Cheap Hard Drives

Category: Hard-Drives

Magnetic hard drives are the workhorses of mass storage. Virtually every computer has a hard drive. There are dozens of hard drive manufacturers worldwide. So it's not surprising that competition, along with technology improvements, has driven hard drive prices to all-time record lows. That's good news. But are cheap hard drives truly a bargain? Read on…

Cheap Hard Drives

Cheap Hard Drives - Are They Worth the Money?

Is the money you save when buying a cheap hard drive lost due to lower performance and/or shorter lifespan? The answer is "yes and no; but mostly, no." Sure, there are manufacturers who cut corners to sell at the very lowest prices, and their hard drives may be lacking. But most of the drop in hard drive prices has not come at the expense of quality.

In 1990, hard drive storage cost about US$10 per megabyte. By 2000, the price was about one CENT per megabyte. And in the past ten years, prices have come down again by a factor of 100X. To put that in perspective, the 500GB of hard drive stoage that costs about $50 today would have cost $5,000,000 twenty years ago. It's true that modern operating systems and software applications gobble up hard drive space like candy, but hard drives today look mighty cheap when compared to just a few years ago.

If you want a larger, less expensive, and higher quality hard drive, it seems the best thing to do is wait. But if you need a hard drive today, the news is still good. Cheap hard drives from well-known manufacturers really are much better today than they were five years ago. Quantum leaps in magnetic storage technology allow many times more data to be packed into every square inch of a disk. Consequently, a hard drive of a given capacity can be made smaller, and smaller costs less. Reliability is the sine qua non in hard drives, so great improvements have been made in that department as manufacturers compete for consumers' trust. The ever growing market for mass storage enables economies of manufacturing scale, and that drives prices down too.

How cheap and good do hard drives get? A quick search for "cheap hard drives" pulls up a 400GB Seagate Barracuda ES (SATA, 7200RPM, 16MB cache) hard drive priced at only $37.99. Seagate is a top-notch hard drive manufacturer. SATA is the latest standard for hard drive controller interfaces, enabling data to be read and written much faster. A hard drive spinning at 7200 rpm reads and writes data one-third faster than the old 5400 rpm standard. A 16 MB on-board cache keeps a lot of frequently accessed data in instantly accessible RAM. That's really good, and really cheap!

In fact, it is well worth it to buy a 7200 rpm cheap hard drive the moment you get a new computer, if the PC comes with a slower 5400 rpm hard drive. The slow drive can become a backup device, or even sit on a shelf in a closet in case of emergencies. The price of a much faster hard drive is not a hindrance to a dramatic performance increase.
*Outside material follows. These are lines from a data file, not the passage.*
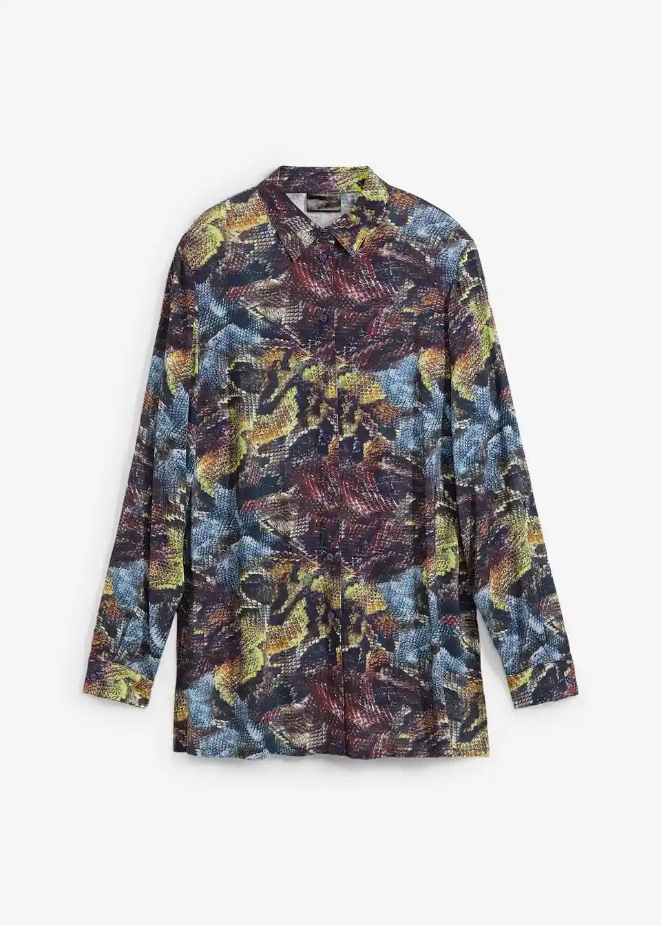 Klasične podrobnosti vključujejo srajčni ovratnik, gumbnico po celotni dolžini in manšetne rokave, ki se lahko zavihajo in pritrdijo z gumbom in trakom.
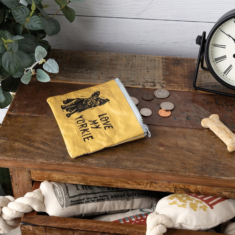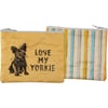 Made of post-consumer material, this double-sided zipper wallet from our Pet Collection features a block print yorkie design with "Love My Yorkie" sentiment on front. Reverse side of the Love My Yorkie zipper wallet features coordinating stripe design.
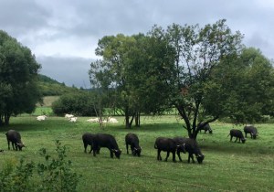 Als we alles uitgebreid bekeken hebben en in het wildrestaurant een Hongaarse goulashsoep hebben gegeten, die gek genoeg waterig en zonder uien of paprika’s was, maar wel smakelijk genoeg, gaan we niet linksaf naar de weg maar proberen het weggetje rechts. Dat bleek een beste keuze. Daar kwamen we pardoes een kudde waterbuffels tegen samen met een kudde puszta-runderen, de lichtgrijze soort, een fel contrast met het inktzwart van de buffels. Verderop een kudde paarden, twee hertenkuddes en ten leste nog een kudde ezels. Weliswaar achter hekken maar met de weidsheid van de heuvelige vlakten waar ze op konden draven en volop de ruimte hadden. We reden tot we niet meer verder mochten. Een groot bord achter een slagboom met een rode streep door de auto kon niet duidelijker zijn.
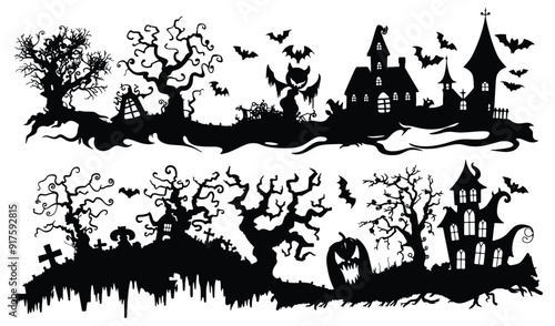 Set of 2 isolated Halloween decorations in silhouette illustration style of Jack o'lantern, bat, haunted house and tree and graveyard on transparent background. Volume 5.
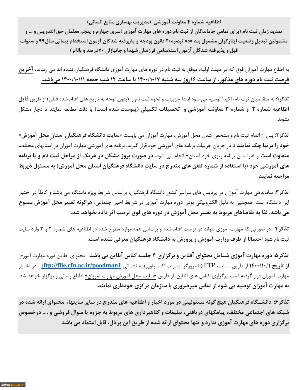 امتیاز دهید : تمدید زمان ثبت نام برای تمام جاماندگان از ثبت نام دورهای مهارت آموزی 2 سهشنبه 7 دی 1400 ساعت 15:58
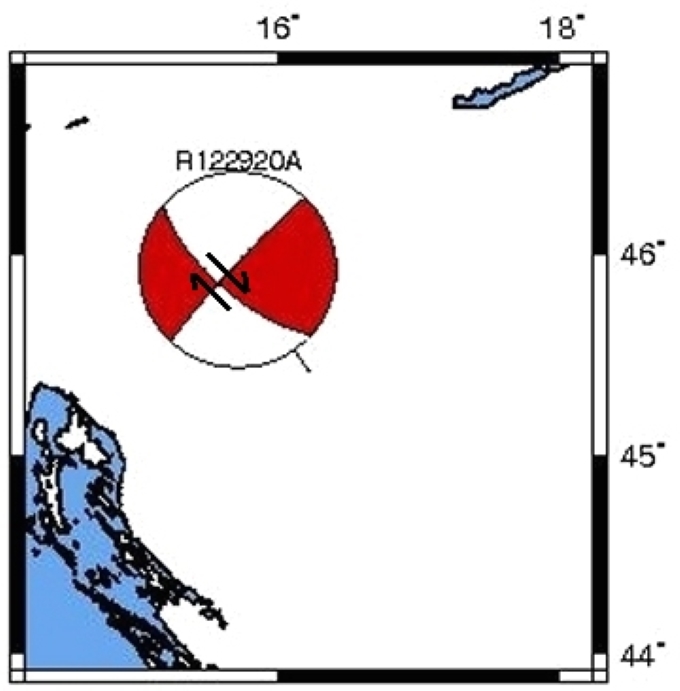 Slika 4) Mehanizam rasjeda koji je izazvao M 6.4 potres u Petrinji. Pomak duž rasjeda prikazuju polustrelice. Numeričko rješenje je napravio QRCMT INGV Bologna.

Reputable brand names in cheap hard drives include Seagate; Samsung; Toshiba; Fujitsu; Maxtor; and Western Digital. This list is not complete, by any means, but it's a good start. You will find lots of other names and reviews of cheap hard drives by end users in ePinions.com, Pricegrabber.com, Amazon.com, and other online resources. Just bear in mind that you can pick ANY well-known brand, and you'll find someone with negative comments about it. Pay less attention to comments like "Brand X sucks" or "Brand Y is the best" -- and more to patterns of comments about problems with a specific model.

When shopping for a cheap hard drive, don't get obsessed over saving the last nickel possible. Make sure the drive is new, and not a refurbished unit. If there is no name on the drive, or it's in a language you can't read, pay the extra buck or two for a known reputation. Oh, and you might actually save money by getting a larger drive. An 80GB drive costs just a few dollars less than a 500GB drive.

Do you have questions about cheap hard drives? Post your comment or question below…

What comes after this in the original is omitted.